* **Goal of the exercise**:
Lines from the one with "- Beige Western" up to and including the one with "In the MCP block’s" are to be copied exactly from the records below, without their pictures.

* **Extracted entries**:
--- START ---

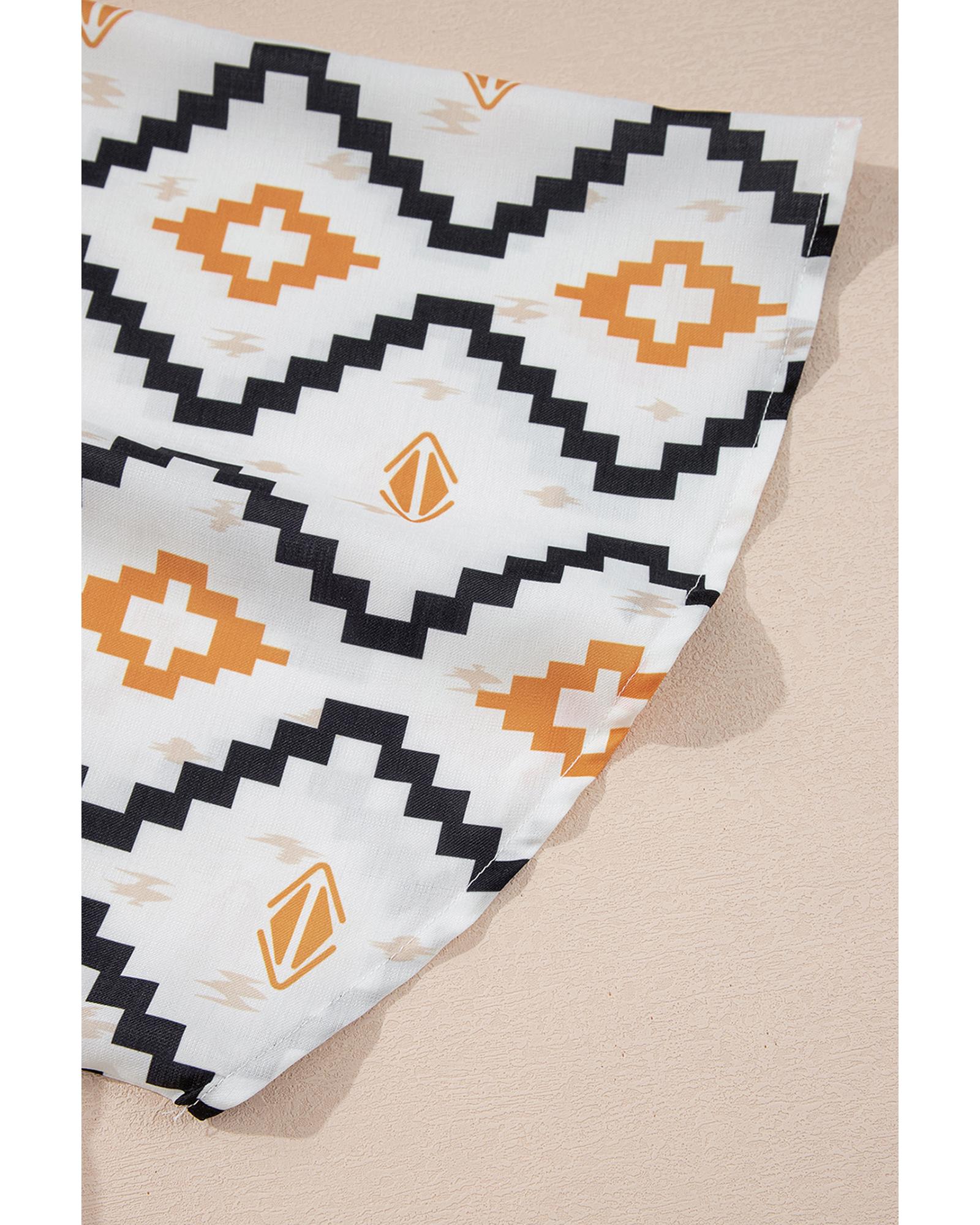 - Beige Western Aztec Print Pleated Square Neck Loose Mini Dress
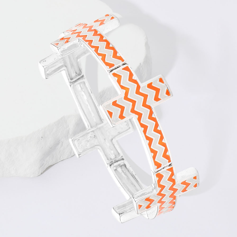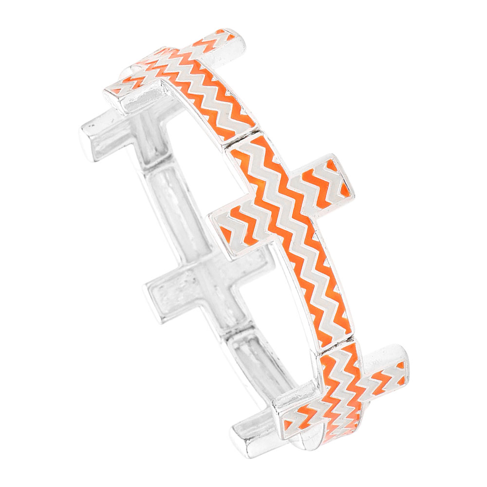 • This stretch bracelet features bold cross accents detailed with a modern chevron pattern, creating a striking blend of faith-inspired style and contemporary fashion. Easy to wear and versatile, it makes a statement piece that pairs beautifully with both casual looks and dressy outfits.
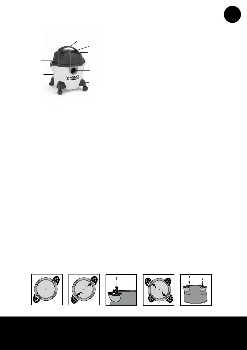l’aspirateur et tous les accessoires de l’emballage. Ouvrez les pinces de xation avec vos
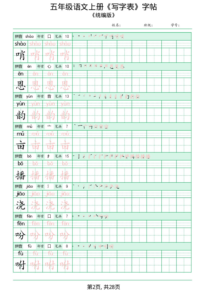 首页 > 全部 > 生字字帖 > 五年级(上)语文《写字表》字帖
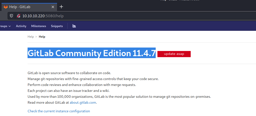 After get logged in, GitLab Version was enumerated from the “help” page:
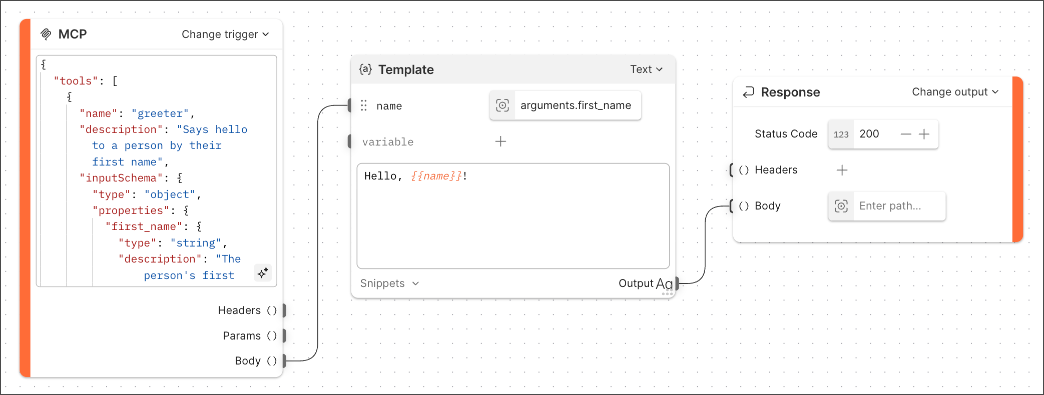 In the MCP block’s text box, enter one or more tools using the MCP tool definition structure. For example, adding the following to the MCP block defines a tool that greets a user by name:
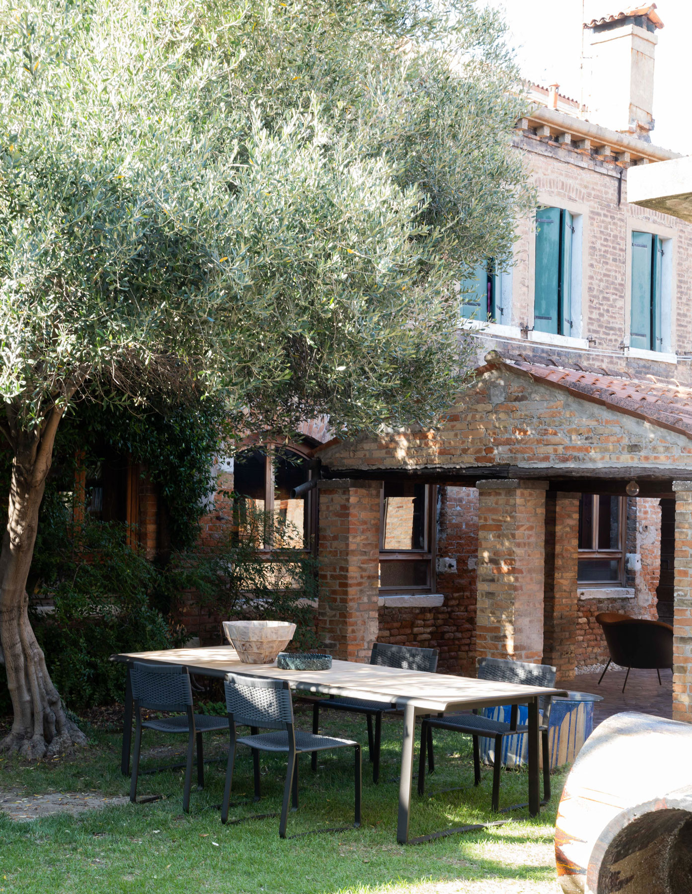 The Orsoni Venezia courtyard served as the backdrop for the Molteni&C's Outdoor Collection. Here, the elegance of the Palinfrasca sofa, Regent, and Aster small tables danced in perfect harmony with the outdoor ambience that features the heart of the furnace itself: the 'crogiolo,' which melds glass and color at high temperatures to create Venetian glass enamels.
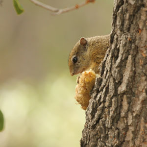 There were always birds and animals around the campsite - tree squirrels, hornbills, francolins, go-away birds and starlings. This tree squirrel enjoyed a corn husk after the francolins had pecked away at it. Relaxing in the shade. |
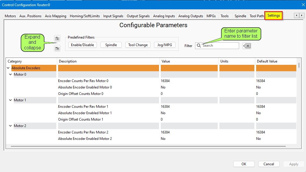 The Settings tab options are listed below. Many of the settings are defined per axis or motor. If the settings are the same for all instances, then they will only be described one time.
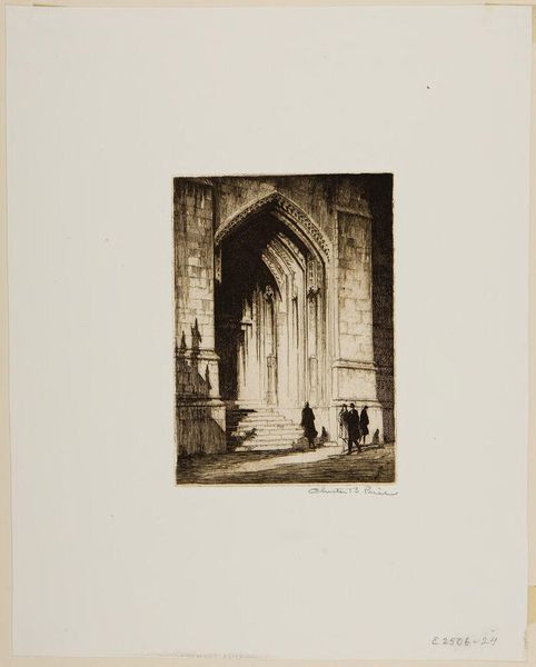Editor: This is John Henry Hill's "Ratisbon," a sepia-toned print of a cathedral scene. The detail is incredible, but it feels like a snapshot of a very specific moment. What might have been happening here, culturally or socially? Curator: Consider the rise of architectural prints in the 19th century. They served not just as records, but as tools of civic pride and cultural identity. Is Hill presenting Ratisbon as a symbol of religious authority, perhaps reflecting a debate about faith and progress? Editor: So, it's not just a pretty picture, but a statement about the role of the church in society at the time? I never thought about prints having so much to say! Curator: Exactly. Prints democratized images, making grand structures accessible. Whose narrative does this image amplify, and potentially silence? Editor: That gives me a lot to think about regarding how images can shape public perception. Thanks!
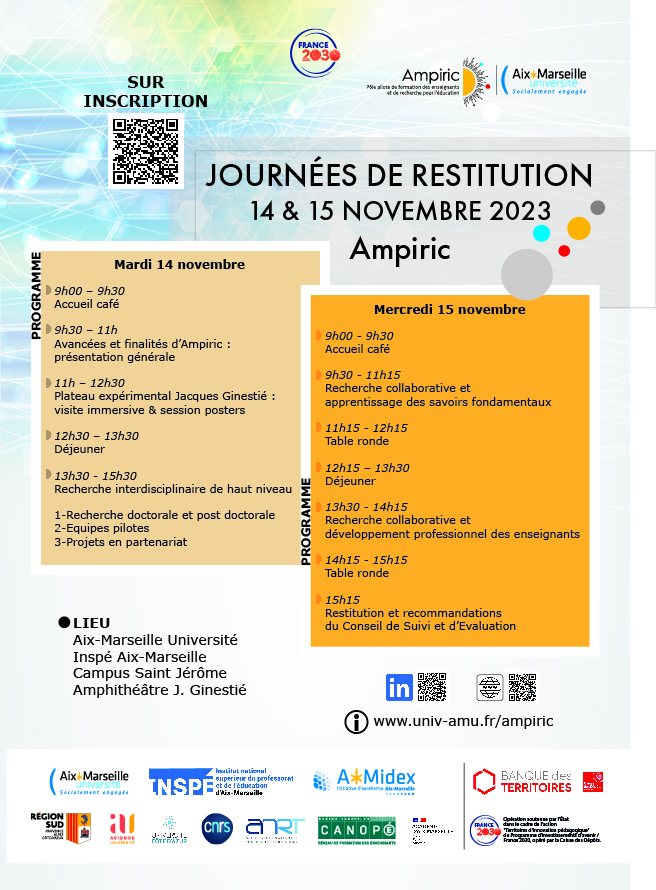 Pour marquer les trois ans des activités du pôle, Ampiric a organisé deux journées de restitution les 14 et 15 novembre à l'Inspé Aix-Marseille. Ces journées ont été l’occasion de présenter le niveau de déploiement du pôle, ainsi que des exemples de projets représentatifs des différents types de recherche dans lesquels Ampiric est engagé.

--- END ---
--- START ---

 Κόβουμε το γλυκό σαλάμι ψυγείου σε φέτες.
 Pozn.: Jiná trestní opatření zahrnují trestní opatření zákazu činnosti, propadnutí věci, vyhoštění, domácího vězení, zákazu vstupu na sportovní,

--- END ---

* **Response**:
 - Beige Western Aztec Print Pleated Square Neck Loose Mini Dress
 • This stretch bracelet features bold cross accents detailed with a modern chevron pattern, creating a striking blend of faith-inspired style and contemporary fashion. Easy to wear and versatile, it makes a statement piece that pairs beautifully with both casual looks and dressy outfits.
l’aspirateur et tous les accessoires de l’emballage. Ouvrez les pinces de xation avec vos
 首页 > 全部 > 生字字帖 > 五年级(上)语文《写字表》字帖
 After get logged in, GitLab Version was enumerated from the “help” page:
 In the MCP block’s text box, enter one or more tools using the MCP tool definition structure. For example, adding the following to the MCP block defines a tool that greets a user by name:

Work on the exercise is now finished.